_EXERCISE AIM_
Write out each entry below exactly. Do not include the images.

━━ AVAILABLE RECORDS ━━

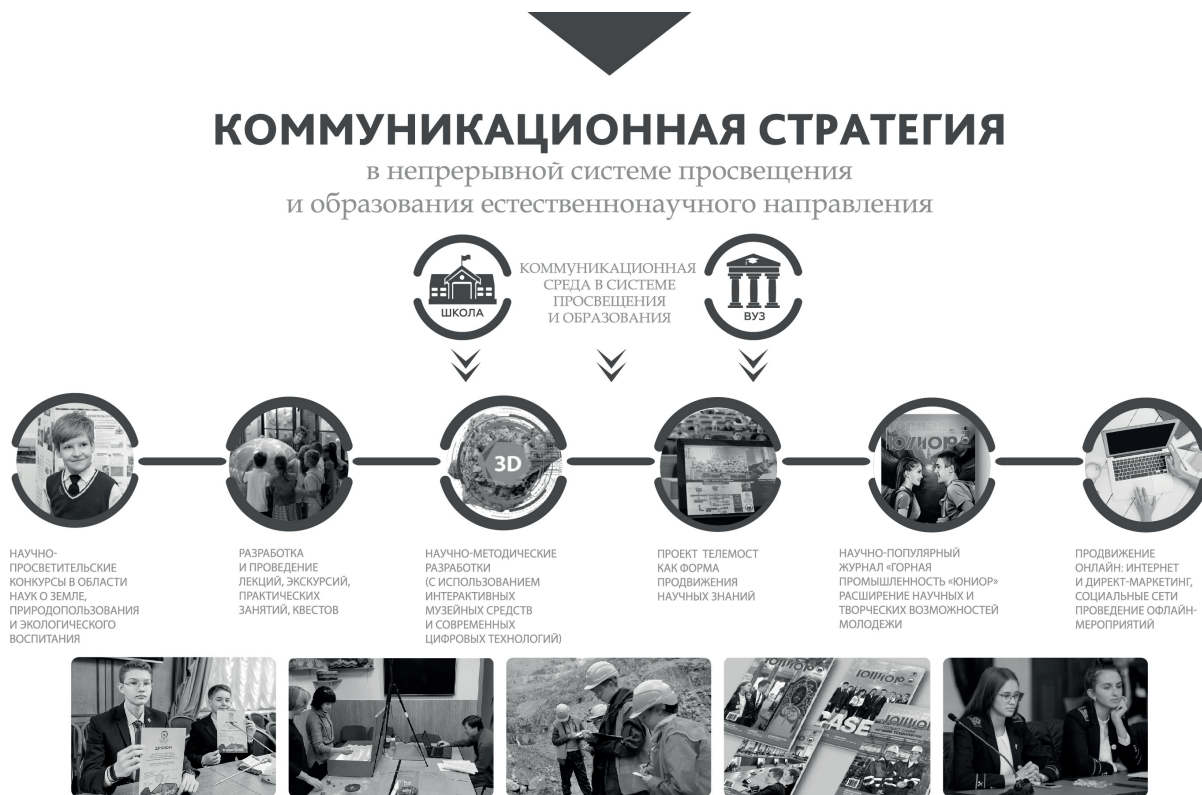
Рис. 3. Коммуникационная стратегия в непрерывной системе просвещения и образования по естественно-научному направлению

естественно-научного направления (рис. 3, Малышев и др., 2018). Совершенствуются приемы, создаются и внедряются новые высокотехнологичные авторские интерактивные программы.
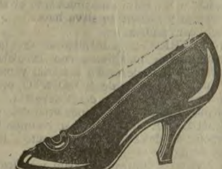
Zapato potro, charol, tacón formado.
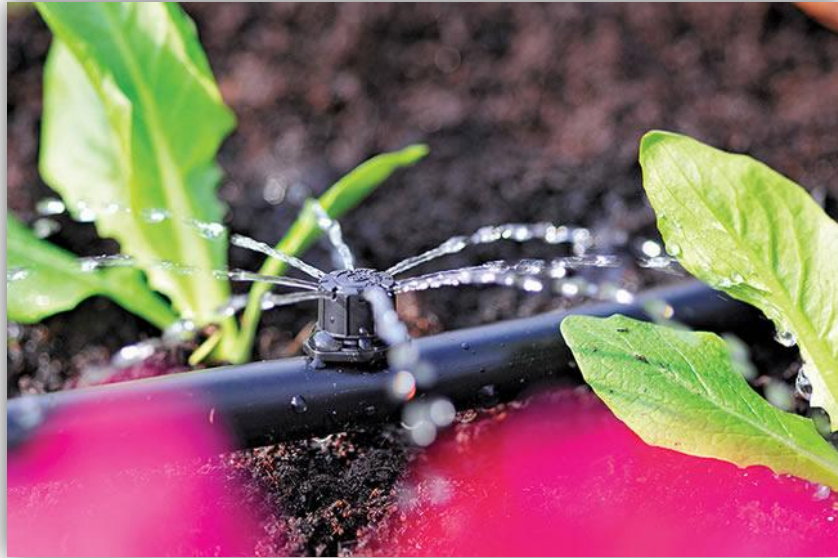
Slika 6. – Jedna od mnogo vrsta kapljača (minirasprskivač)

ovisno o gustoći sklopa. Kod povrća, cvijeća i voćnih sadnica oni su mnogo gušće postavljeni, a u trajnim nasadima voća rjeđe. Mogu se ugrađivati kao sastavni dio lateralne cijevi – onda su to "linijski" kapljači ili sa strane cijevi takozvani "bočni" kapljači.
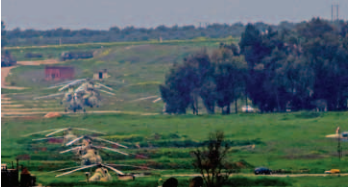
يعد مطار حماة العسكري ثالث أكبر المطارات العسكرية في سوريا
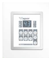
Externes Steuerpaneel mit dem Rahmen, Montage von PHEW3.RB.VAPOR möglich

━━━

_SOLUTION_
Рис. 3. Коммуникационная стратегия в непрерывной системе просвещения и образования по естественно-научному направлению

естественно-научного направления (рис. 3, Малышев и др., 2018). Совершенствуются приемы, создаются и внедряются новые высокотехнологичные авторские интерактивные программы.
Zapato potro, charol, tacón formado.
Slika 6. – Jedna od mnogo vrsta kapljača (minirasprskivač)

ovisno o gustoći sklopa. Kod povrća, cvijeća i voćnih sadnica oni su mnogo gušće postavljeni, a u trajnim nasadima voća rjeđe. Mogu se ugrađivati kao sastavni dio lateralne cijevi – onda su to "linijski" kapljači ili sa strane cijevi takozvani "bočni" kapljači.
يعد مطار حماة العسكري ثالث أكبر المطارات العسكرية في سوريا
Externes Steuerpaneel mit dem Rahmen, Montage von PHEW3.RB.VAPOR möglich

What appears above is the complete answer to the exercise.